🤖 AI Summary
Existing WiFi-based human pose estimation methods rely on camera-coordinate supervision, making them prone to overfitting specific device layouts and limiting their generalization. This work proposes PerceptAlign, a framework that aligns WiFi and visual spaces through a lightweight geometry-aware coordinate unification procedure requiring only two checkerboards and a few photographs. The calibrated transceiver positions are encoded into high-dimensional geometric embeddings and fused with channel state information (CSI) features to enable layout-agnostic 3D pose estimation. PerceptAlign introduces, for the first time, a geometry-conditioned learning mechanism that effectively disentangles human motion from device layout. Evaluated on the largest cross-domain WiFi pose dataset to date, the method reduces in-domain error by 12.3% and achieves over 60% reduction in cross-domain error.
📝 Abstract
WiFi-based 3D human pose estimation offers a low-cost and privacy-preserving alternative to vision-based systems for smart interaction. However, existing approaches rely on visual 3D poses as supervision and directly regress CSI to a camera-based coordinate system. We find that this practice leads to coordinate overfitting: models memorize deployment-specific WiFi transceiver layouts rather than only learning activity-relevant representations, resulting in severe generalization failures.

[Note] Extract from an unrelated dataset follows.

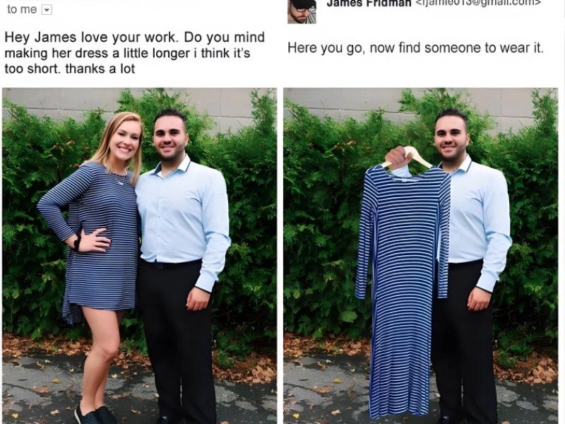 Though it's a really little remark, it's usually not a good idea to criticise someone's outfit. This guy thought the girl's dress looked excessively lengthy, hence he asked that it be reduced. But in the second picture he obtained more (or less) than he had expected. The dress was spread, but he lost the girl. We now doubt whether that was his girlfriend, but even so.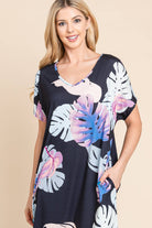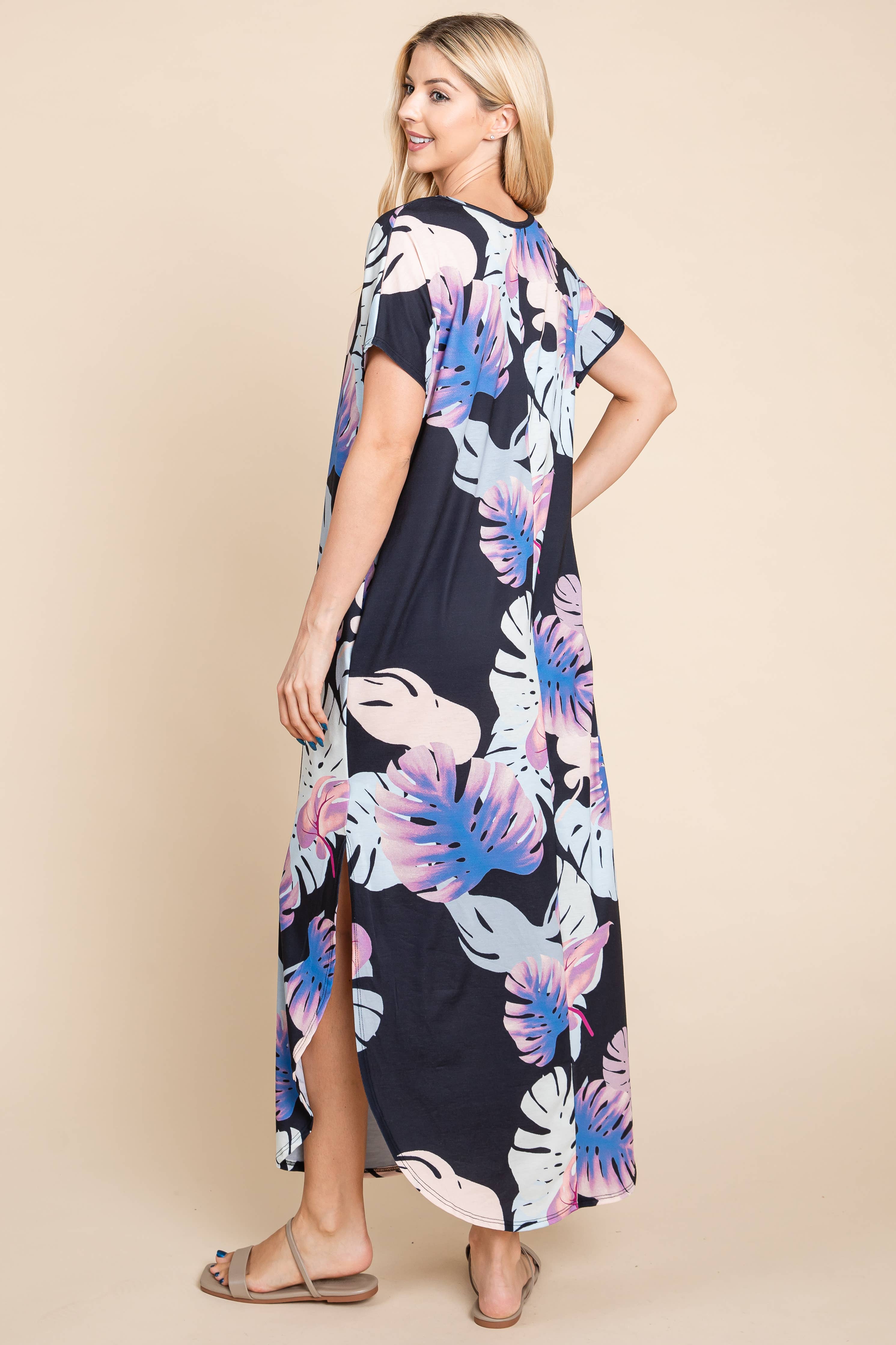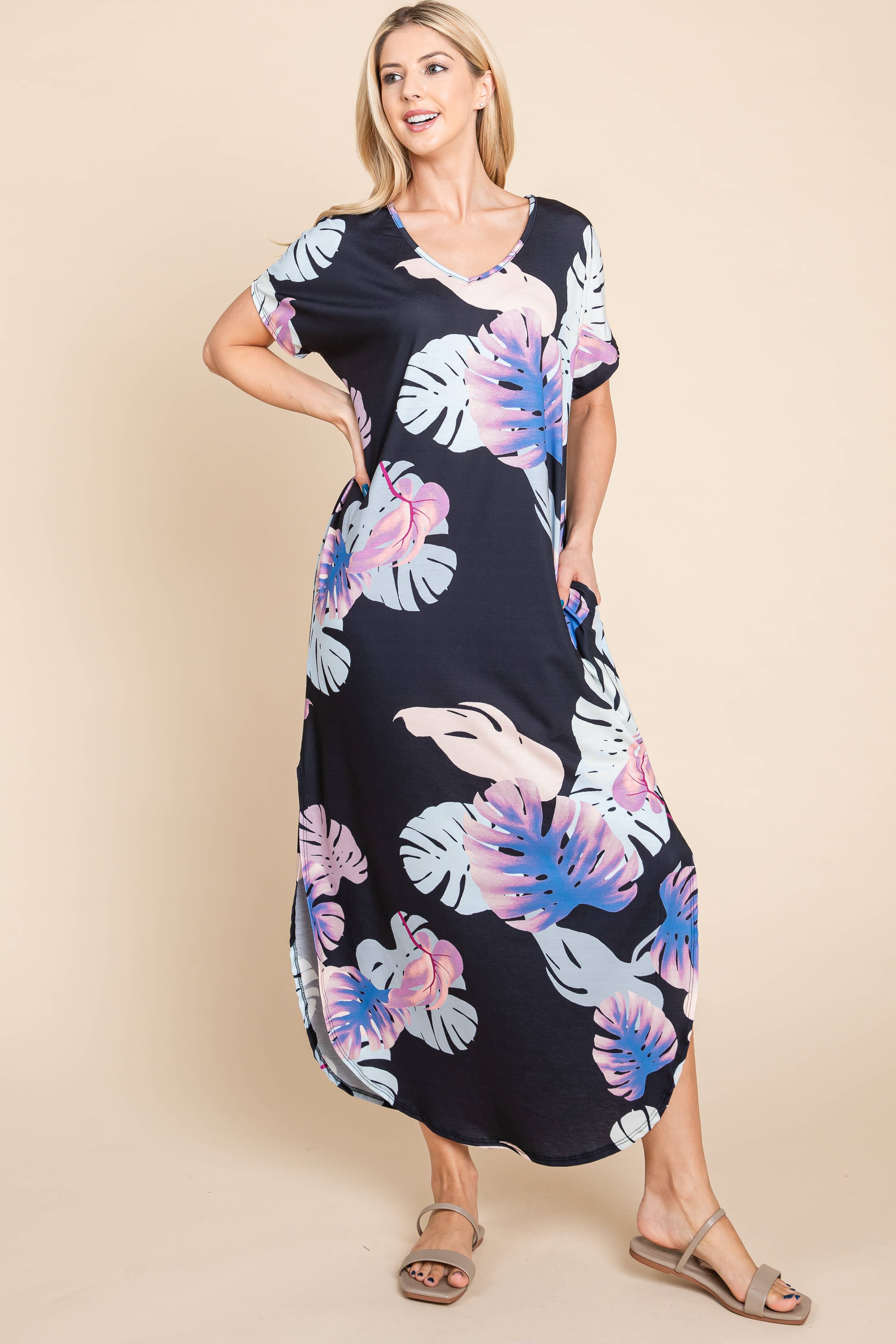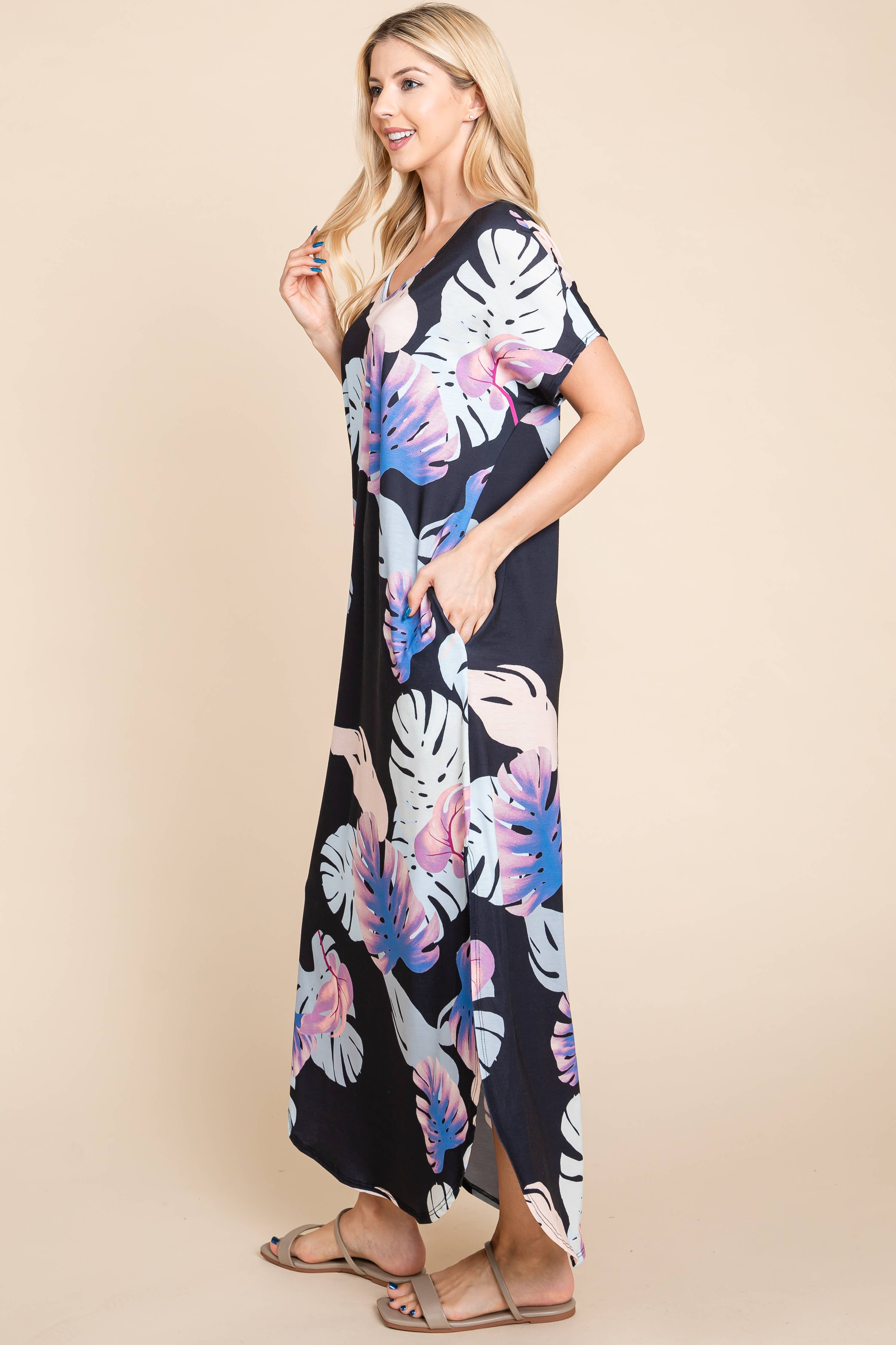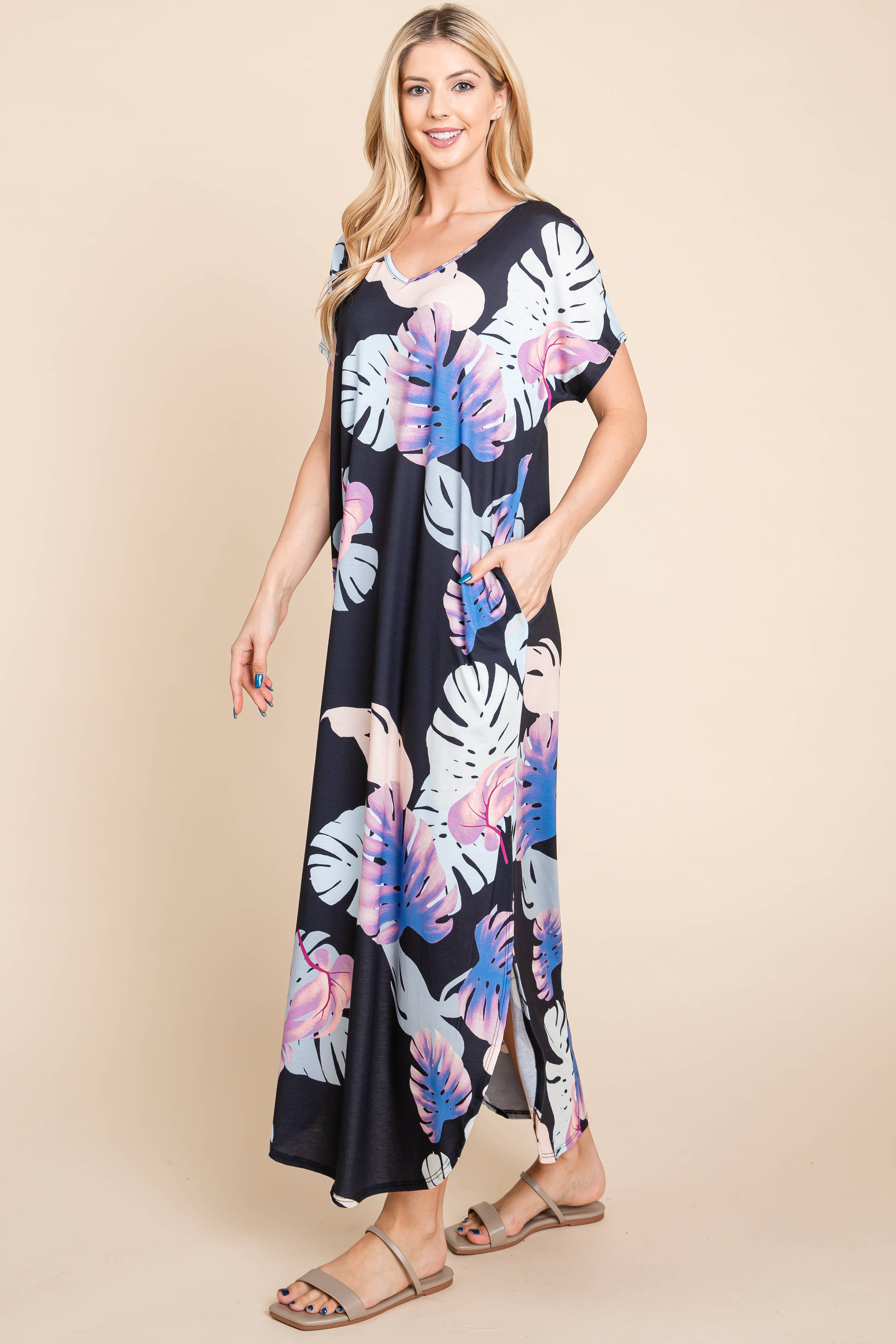 FLORAL PRINT SIDE POCKETS SIDE SLIT MAXI DRESS

To address this challenge, we present PerceptAlign, the first geometry-conditioned framework for WiFi-based cross-layout pose estimation. PerceptAlign introduces a lightweight coordinate unification procedure that aligns WiFi and vision measurements in a shared 3D space using only two checkerboards and a few photos. Within this unified space, it encodes calibrated transceiver positions into high-dimensional embeddings and fuses them with CSI features, making the model explicitly aware of device geometry as a conditional variable. This design forces the network to disentangle human motion from deployment layouts, enabling robust and, for the first time, layout-invariant WiFi pose estimation. To support systematic evaluation, we construct the largest cross-domain 3D WiFi pose estimation dataset to date, comprising 21 subjects, 5 scenes, 18 actions, and 7 device layouts. Experiments show that PerceptAlign reduces in-domain error by 12.3% and cross-domain error by more than 60% compared to state-of-the-art baselines. These results establish geometry-conditioned learning as a viable path toward scalable and practical WiFi sensing.